# PHP Formulardaten in MySQL Datenbank übertragen



## Patricknewb (7. März 2019)

*PHP Formulardaten in MySQL Datenbank übertragen*

Hallo Leute,

bin neu hier und hoffe auf Euch Hilfe. Ich habe eine Webseite (Jobbörse /  kein CMS wie WP oder Drupal sondern HTML, XAMPP, PHP und SQL), wo User Ihre Jobangebot über ein Formular eingeben können und das nach dem Absenden anschließend in die Datenbank eingetragen wird.  Auch das anschließende Anzeigen der aktualisiert Datenbank auf der Webseite mit einer SQL-Abfrage ist kein Problem. 

Mein Problem ist aber, ich würde gerne die neuen Datensätze, welche über das Formular kommen, erst kontrollieren wollen, bevor ich die Daten freigebe und angezeigt werden.
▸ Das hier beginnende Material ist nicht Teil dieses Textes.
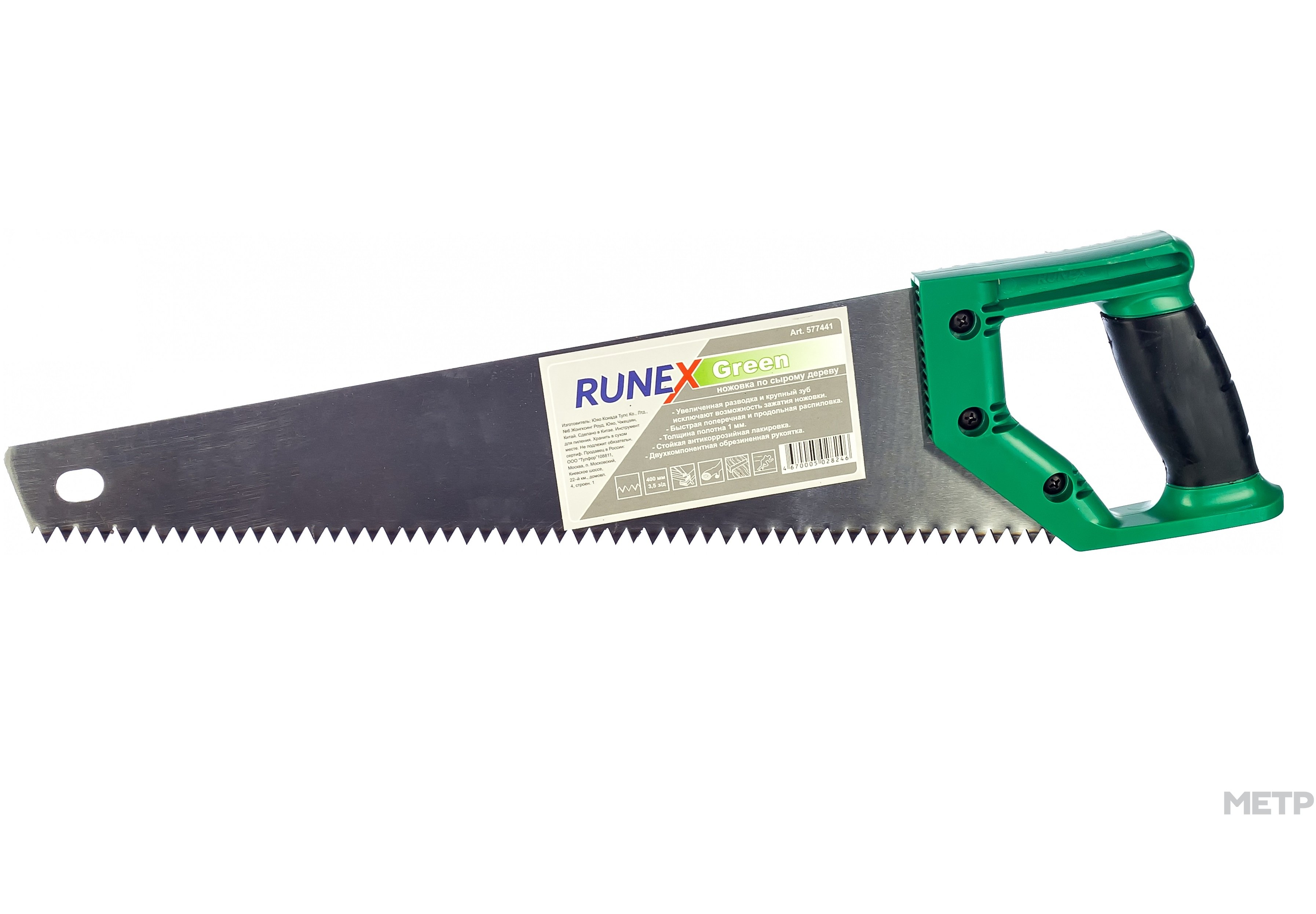 Ножовка по сырой древесине Runex Green 400мм прямой крупный зуб, подойдет для продольной и поперечной распиловки. Увеличенная разводка и крупный прямой зуб исключают зажатие полотна в сырой древесине. Рабочая часть выполнена из пружинной стали с лакированным покрытием, защищающим инструмент от коррозии. Двухкомпонентная рукоятка не скользит во время работы.
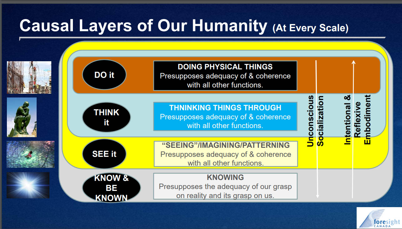 You can have as many layers as you want, and whatever model you decide to have, but it does mean that the model, that the layers, are causally related to each other. So if you change something significantly at one of the layers, it will eventually leak out and make changes in the other, because any consciousness or culture has to be reasonably coherent. There has to be some line of sight between whatever the four layers are. These are the four layers in the causal layered synthesis that I've developed over my lifetime.
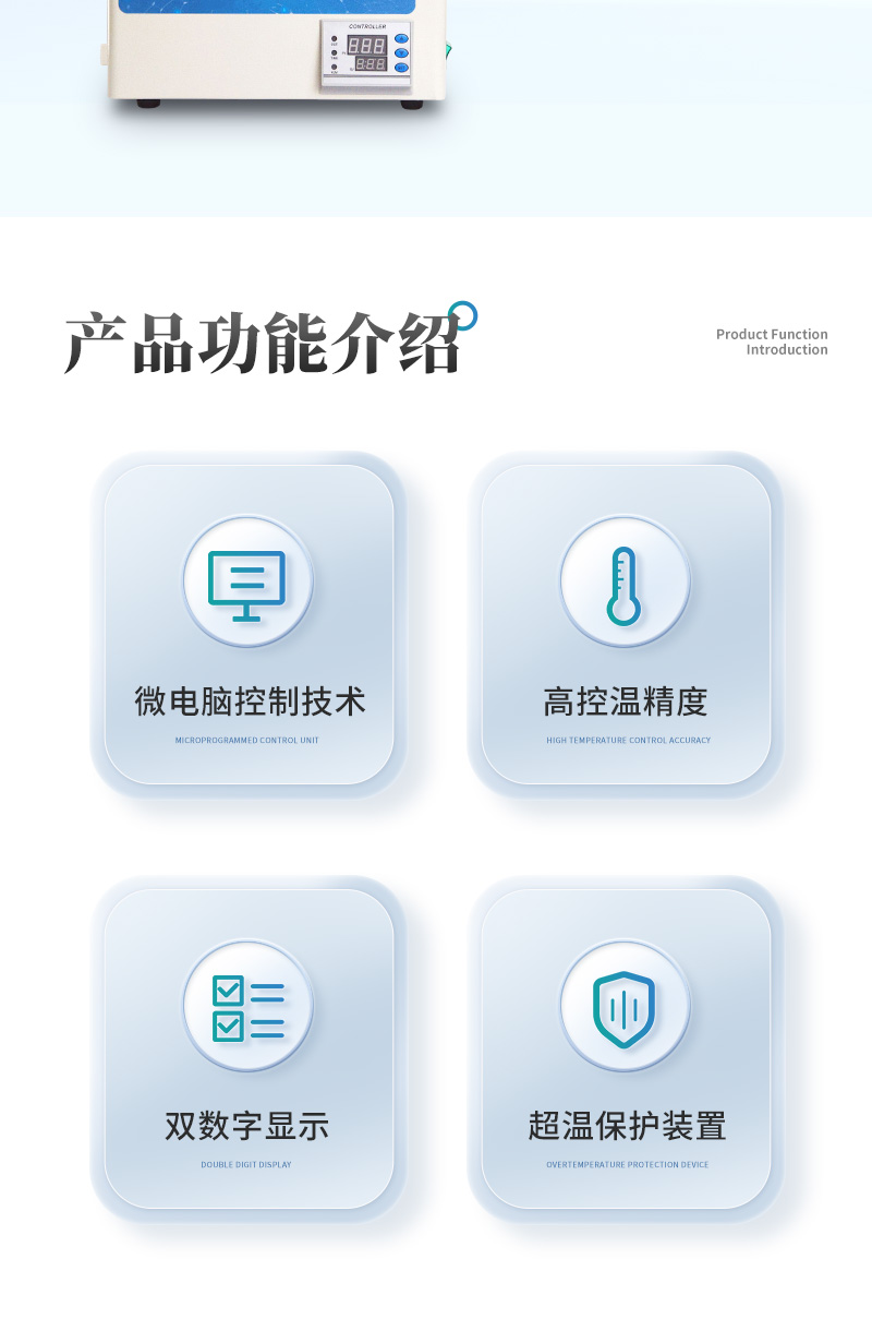 6、儀器有LED顯示屏,溫度同步顯示、時(shí)間遞減顯示,可時(shí)時(shí)觀察溫度變化。
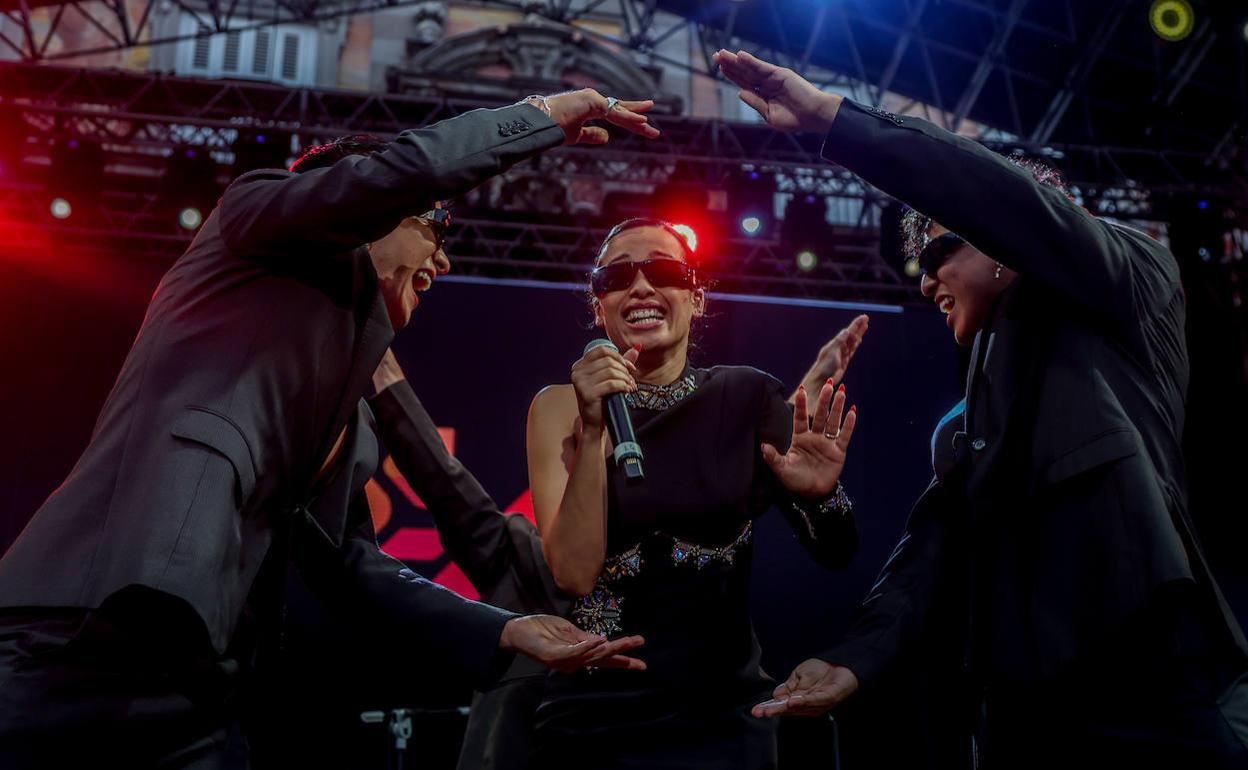 Ella entró al escenario al anochecer y la plaza vibró. Apareció con gafas de sol pues, según confesó, tenía conjuntivitis de tantas lágrimas de la emoción. «Nos sentimos ganadores morales», aseguró Chanel, que admitió haberlo pasado «increíblemente duro» hasta llegar a Turín. «Gracias por subiros al barquito de 'SloMo'», agregó ante un público heterogéneo y de todas las edades que la esperaba desde antes de las 18:00 horas, y que ondeó la bandera LGTBI, la trans y también la enseña nacional.
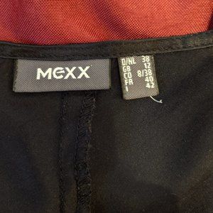100% Silk Mexx camisole/tank top. High quality fabric with beaded embroidery. Size 8 or 38 with side zipper and hook and loop closure. Black with silvery black decoration.
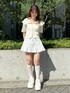 [身長]155cm [骨格]ウェーブ [靴のサイズ]23.5cm (Mサイズ) 【tops】ダブルZIPなので上下で開け閉めできるので、肌見せ大丈夫な方はオフショルやお腹見せても可愛いです︎🫶🏻 襟が広めなので肩が張ることなく落ちてくれる感じなので着やすかったです🥰 普段こういうトップスは着ないけど甘めのボトムと合わせたら抵抗なく着れました🙆🏻♀️ 【bottom】形が綺麗なのでシルエットがスッキリ見えます🤭 ハイウエストで骨格ウェーブが気になる骨盤とお尻がカバーできました💞 プリーツの形が広めでしっかりしてるので広がりすぎず綺麗な広がり方してくれます︎🫶🏻 【shoes】23.5cmでMサイズを着用しましたが、 割とゆとりがあったのでワンサイズ下げてSサイズでも良さそうでした☺️ 厚底なのにすごく軽くて、 中敷きはクッション性のあるタイプなので 歩きやすく痛くなりにくいと思います︎🫶🏻

Hier weiß ich echt nicht weiter... gibt es da mit PHP ne Möglichkeit wie man sowas umsetzen kann? Ich bin hier leider überfragt...
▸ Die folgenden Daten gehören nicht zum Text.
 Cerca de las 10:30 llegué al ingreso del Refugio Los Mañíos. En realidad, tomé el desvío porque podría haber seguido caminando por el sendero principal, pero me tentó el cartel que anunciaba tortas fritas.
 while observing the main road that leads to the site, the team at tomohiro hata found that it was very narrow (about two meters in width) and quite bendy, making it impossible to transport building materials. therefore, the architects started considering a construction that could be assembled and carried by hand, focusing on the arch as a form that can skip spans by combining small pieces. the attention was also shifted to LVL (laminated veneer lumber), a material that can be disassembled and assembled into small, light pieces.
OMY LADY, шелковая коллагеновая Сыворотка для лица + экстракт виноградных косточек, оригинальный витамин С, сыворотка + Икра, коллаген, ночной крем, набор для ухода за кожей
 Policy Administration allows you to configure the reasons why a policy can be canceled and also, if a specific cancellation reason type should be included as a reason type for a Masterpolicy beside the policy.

Hat hier jemand Ansätze oder Vorschläge wie ich das Problem lösen könnte?

Danke.


----------



## taks (7. März 2019)

*AW: PHP Formulardaten in MySQL Datenbank übertragen*

Auf was willst du kontrollieren? 
Auf korrekte Eingabe kannst du ja direkt bei der Eingabe kontrollieren.
Für den Rest würde ich eine zweite JobAngebot Tabelle machen (z.B. JobAngebotTemp). Für diese Tabelle hast nur du Zugriff auf das Entsprechende Form und kannst im Form nach der Kontrolle das JobAngebot in die "produktiv" Tabelle verschieben.


----------



## kühlprofi (15. März 2019)

*AW: PHP Formulardaten in MySQL Datenbank übertragen*

Oder ein Flag in der DB / Tabelle pro Eintrag setzen


----------



## Zeiss (18. März 2019)

*AW: PHP Formulardaten in MySQL Datenbank übertragen*

@taks: Man braucht keine zweite Tabelle, siehe weiter unten.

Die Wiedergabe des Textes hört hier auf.